● WORK INSTRUCTIONS
Repeat the records below verbatim, and do not copy their pictures.

● MATERIAL FOR THIS EXERCISE
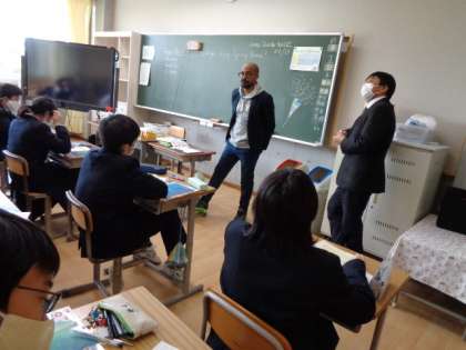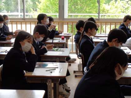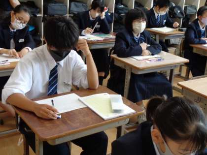 2年生の英語の授業。英作文づくりを行っていました。写真は昨日の様子です。タイ先生の注意を聞いた後に、作文づくりに意欲的に取り組んでいました。
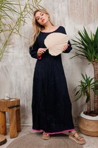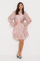 Универсальное платье прямого силуэта. Цельнокроеный короткий рукав. Горловина оформлена лодочкой. Тканевый пояс подчеркнет линию талии. Низ ровный, сбоку разрез.
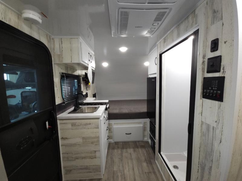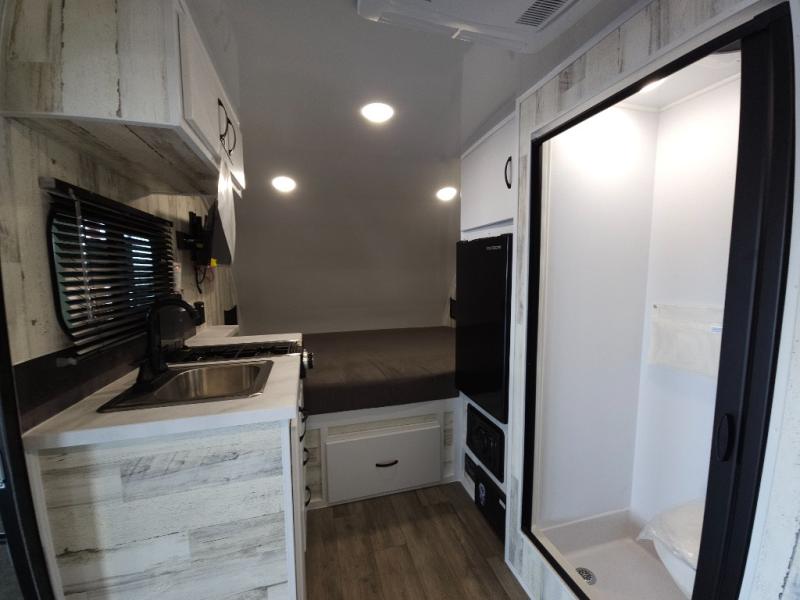 With the Big Buggy teardrop trailer by Modern Buggy RV, you will have all-terrain tires with 14" ground clearance allowing you to venture on bumpy, muddy and off-the-beaten path roads. They are full of modern amenities including an A/C and furnace, a large refrigerator, an on-demand water water. These models are built on a high quality strength, custom aluminum frame, and are put together with AZDEL ceiling and walls. Get out and explore today with the Big Buggy in tow!
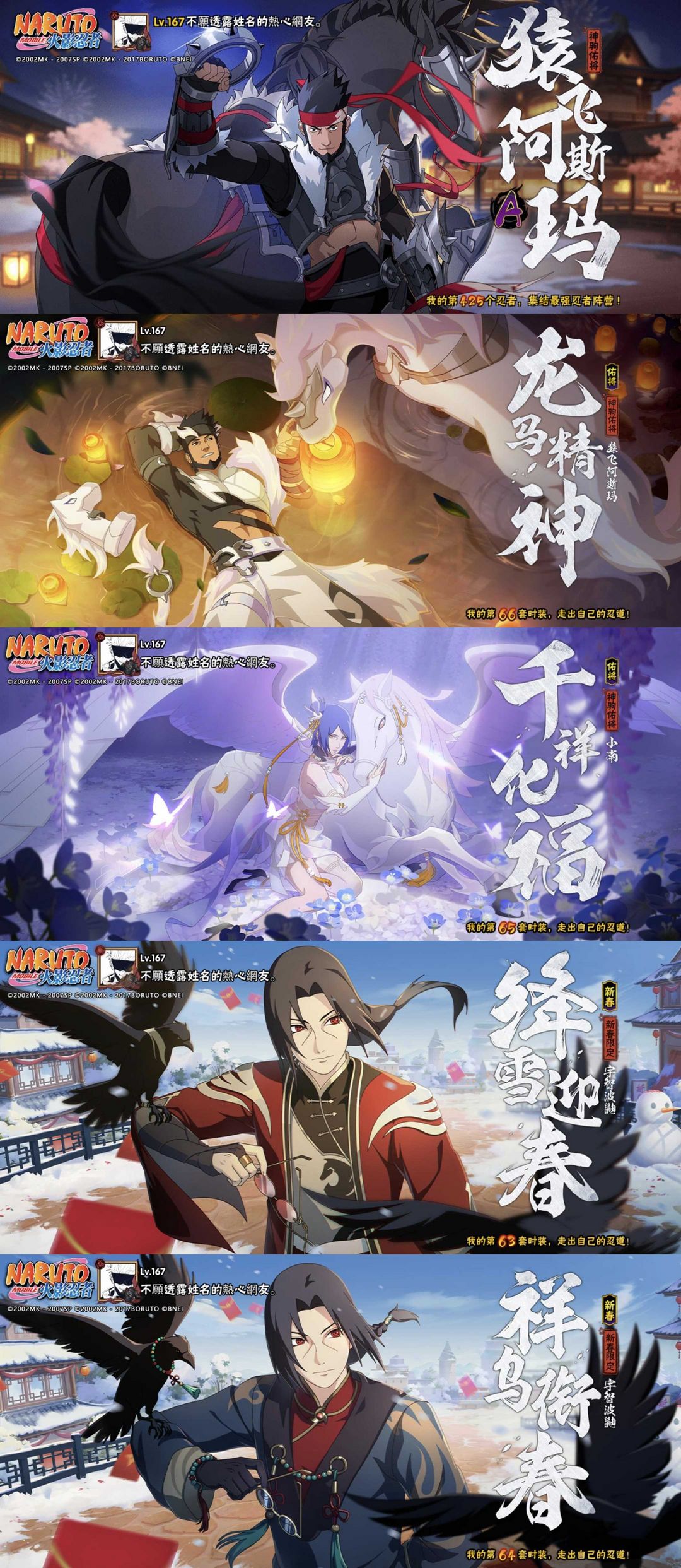 神驹新春系列♦忍法贴神驹斑♦六道带土♦侠隐佐助♦金身水门♦侠隐系列♦V15顶配♦满皮肤魅力55♦全通
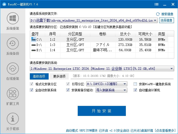 为了方便,我使用 EasyRC 进行重装。EasyRC 不仅可以帮我们干掉烦人的 Windows Defender,自动导入驱动,还具有无人值守功能,不需要太多人工操作,而且基础配置在原系统上就能搞定,PE 都不用进,大大降低了风险(我可没接广,这玩意真的好用)在制定好完备的计划后,Just do it。

● THE ANSWER
 2年生の英語の授業。英作文づくりを行っていました。写真は昨日の様子です。タイ先生の注意を聞いた後に、作文づくりに意欲的に取り組んでいました。
 Универсальное платье прямого силуэта. Цельнокроеный короткий рукав. Горловина оформлена лодочкой. Тканевый пояс подчеркнет линию талии. Низ ровный, сбоку разрез.
 With the Big Buggy teardrop trailer by Modern Buggy RV, you will have all-terrain tires with 14" ground clearance allowing you to venture on bumpy, muddy and off-the-beaten path roads. They are full of modern amenities including an A/C and furnace, a large refrigerator, an on-demand water water. These models are built on a high quality strength, custom aluminum frame, and are put together with AZDEL ceiling and walls. Get out and explore today with the Big Buggy in tow!
 神驹新春系列♦忍法贴神驹斑♦六道带土♦侠隐佐助♦金身水门♦侠隐系列♦V15顶配♦满皮肤魅力55♦全通
 为了方便,我使用 EasyRC 进行重装。EasyRC 不仅可以帮我们干掉烦人的 Windows Defender,自动导入驱动,还具有无人值守功能,不需要太多人工操作,而且基础配置在原系统上就能搞定,PE 都不用进,大大降低了风险(我可没接广,这玩意真的好用)在制定好完备的计划后,Just do it。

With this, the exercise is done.